Недели и месяцы отламывались от жизни большими кусками. Каждое дело само по себе было не особенно трудоёмким. Сходить в магазин. Приготовить еду. Отправиться вместе с дочерью в школу на плановую встречу с учительницей и благосклонно принимать хвалебные слова в адрес не по годам сообразительной Ракели. В тысячный раз прочесть сыну книжку про обезьянку Никки. Загрузить стиральную машину. Обнаружить и оплатить старый счёт и разобрать стопку конвертов, скопившихся на столике в прихожей. Потратить много времени и энергии на то, чтобы отвезти всё семейство в Стокгольм, разместить детей в квартире тестя и тёщи и побывать на первой за несколько лет персональной выставке лучшего друга. Ходить на работу. Забронировать стенд на книжной ярмарке. Вести телефонные переговоры с едва владеющим английским директором типографии в Риге, пытаясь понять, почему, чёрт возьми, они до сих пор не напечатали шестой тираж книги, которую все ждут и считают «главной литературной сенсацией девяностых» («Афтонбладет»), «до головокружения грустным и обжигающе прекрасным описанием процесса расчеловечивания» («Дагенс нюхетер»), словом, «лучшим “романом поколения”» («Свенск букхандель»). Твоя жена везде оставляет чайные пакетики и листы, кровоточащие от пометок красной ручкой. Ты нашёл фрагмент рукописи под диваном. Ты несёшься за сыном по парку, потому что он научился бегать на своих разъезжающихся купидоньих ножках и, похоже, взял курс к пруду с утками. Да, ещё надо купить наколенники дочери, которая заявила, что хочет играть в футбол. Ты засыпаешь, едва голова касается подушки.
Почему у его отца было время сидеть на веранде или красить яхту? Часы, которые он на это тратил, – откуда они брались? Но ведь Биргитта Берг никогда не роняла на стол мужу многостраничный «кирпич» со словами «ты это читал или нет?», и мужу не приходилось признаваться, что, осваивая французскую философию, он читал Сартра, Камю, Леви-Стросса, Мерло-Понти, Барта и Фуко, но книгу, которую ему показывают с укором, он пропустил.

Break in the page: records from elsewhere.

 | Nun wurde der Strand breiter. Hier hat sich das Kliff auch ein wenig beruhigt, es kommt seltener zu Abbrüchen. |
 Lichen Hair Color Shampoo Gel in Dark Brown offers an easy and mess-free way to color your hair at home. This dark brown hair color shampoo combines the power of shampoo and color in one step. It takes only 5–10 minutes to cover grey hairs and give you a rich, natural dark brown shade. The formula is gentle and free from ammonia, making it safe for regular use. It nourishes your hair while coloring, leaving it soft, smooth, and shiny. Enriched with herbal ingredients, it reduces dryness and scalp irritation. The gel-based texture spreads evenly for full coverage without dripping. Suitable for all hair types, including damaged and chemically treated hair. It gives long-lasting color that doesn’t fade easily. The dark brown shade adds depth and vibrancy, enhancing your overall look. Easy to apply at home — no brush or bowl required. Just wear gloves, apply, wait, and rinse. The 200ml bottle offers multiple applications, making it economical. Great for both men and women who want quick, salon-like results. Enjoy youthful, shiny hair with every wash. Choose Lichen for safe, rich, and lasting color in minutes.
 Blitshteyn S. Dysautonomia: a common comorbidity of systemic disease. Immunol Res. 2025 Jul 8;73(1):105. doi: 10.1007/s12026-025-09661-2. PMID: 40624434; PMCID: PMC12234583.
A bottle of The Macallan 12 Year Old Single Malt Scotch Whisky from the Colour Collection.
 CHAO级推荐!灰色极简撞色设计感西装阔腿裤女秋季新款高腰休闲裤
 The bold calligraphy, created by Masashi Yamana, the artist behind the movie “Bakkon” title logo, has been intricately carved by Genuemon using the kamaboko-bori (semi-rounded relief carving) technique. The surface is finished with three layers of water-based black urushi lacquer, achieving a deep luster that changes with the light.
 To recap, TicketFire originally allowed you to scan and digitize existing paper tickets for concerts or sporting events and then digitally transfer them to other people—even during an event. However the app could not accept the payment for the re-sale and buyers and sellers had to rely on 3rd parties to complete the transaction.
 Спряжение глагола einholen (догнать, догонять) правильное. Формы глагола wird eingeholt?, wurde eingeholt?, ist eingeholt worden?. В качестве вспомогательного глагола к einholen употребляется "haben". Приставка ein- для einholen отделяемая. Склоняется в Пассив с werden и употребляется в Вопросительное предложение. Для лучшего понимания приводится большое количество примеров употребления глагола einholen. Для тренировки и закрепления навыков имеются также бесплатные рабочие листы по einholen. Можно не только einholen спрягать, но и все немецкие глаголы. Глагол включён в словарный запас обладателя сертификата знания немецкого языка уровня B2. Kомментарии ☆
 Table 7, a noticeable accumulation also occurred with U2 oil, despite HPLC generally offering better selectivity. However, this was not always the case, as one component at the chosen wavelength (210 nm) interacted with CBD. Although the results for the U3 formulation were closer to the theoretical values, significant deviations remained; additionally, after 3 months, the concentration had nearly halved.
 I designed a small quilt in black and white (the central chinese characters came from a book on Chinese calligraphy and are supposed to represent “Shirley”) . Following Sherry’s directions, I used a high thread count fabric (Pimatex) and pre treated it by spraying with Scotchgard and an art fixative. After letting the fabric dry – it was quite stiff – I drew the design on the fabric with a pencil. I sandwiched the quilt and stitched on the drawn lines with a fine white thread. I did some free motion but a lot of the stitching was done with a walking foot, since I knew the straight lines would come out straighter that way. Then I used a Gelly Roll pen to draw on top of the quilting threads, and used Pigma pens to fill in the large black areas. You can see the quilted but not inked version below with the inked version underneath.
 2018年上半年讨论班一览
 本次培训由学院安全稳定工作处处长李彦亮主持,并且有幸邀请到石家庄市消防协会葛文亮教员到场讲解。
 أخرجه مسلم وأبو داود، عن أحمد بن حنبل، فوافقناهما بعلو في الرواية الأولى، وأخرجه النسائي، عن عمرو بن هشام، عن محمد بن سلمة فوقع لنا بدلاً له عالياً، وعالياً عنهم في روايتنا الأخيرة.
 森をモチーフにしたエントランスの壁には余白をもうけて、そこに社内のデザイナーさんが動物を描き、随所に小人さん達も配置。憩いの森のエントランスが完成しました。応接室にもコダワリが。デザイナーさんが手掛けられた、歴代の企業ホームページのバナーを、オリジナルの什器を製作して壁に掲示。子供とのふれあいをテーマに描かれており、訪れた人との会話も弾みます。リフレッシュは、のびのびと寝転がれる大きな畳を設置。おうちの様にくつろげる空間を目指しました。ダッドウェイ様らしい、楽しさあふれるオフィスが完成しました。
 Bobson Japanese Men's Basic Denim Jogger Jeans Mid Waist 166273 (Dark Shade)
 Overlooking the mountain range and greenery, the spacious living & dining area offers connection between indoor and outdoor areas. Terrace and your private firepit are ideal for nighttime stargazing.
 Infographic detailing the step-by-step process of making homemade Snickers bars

И Биргитта не заставила бы мужа клятвенно пообещать, что он прочтёт, и ему не нужно было бы выполнять это обещание немедленно, и он бы не остановился на странице 133 (из 840), чтобы по какой-то причине переключиться на «Второй пол», и не читал бы Симону де Бовуар полгода, тайком вернув первую книгу в шкаф.
Осенью и зимой от Густава эпизодически приходили открытки, но весной, примерно через шесть месяцев после того, как они забрали его из Лондона, он прислал письмо. От руки, на нескольких листах, видимо, самое длинное из всех написанных за почти двадцать лет дружбы. Густав отчитывался о том, как они с Венделой подстригали ветки, вскапывали клумбы, сеяли, ездили в магазин для садоводов и купили триста килограммов земли. Густаву пришлось тащить мешки из машины, и остаток дня он вообще ничего больше делать не мог. Поскольку сам принимал участие во всех приготовлениях, весну он теперь воспринимает совершенно по-новому. Он писал, что какое-то время тому назад ему против собственной воли пришлось ползать на коленях и тыкать куда попало луковицы, поскольку у Венделы случился прострел позвоночника и она это сделать не могла. А теперь он видит, как из земли появляются крокусы, гиацинты и нарциссы, и испытывает гордость творца. Когда расцвели яблони, он осматривал сад, как настоящий помещик. Несколько недель он волновался, как поведут себя ирисы и анемоны.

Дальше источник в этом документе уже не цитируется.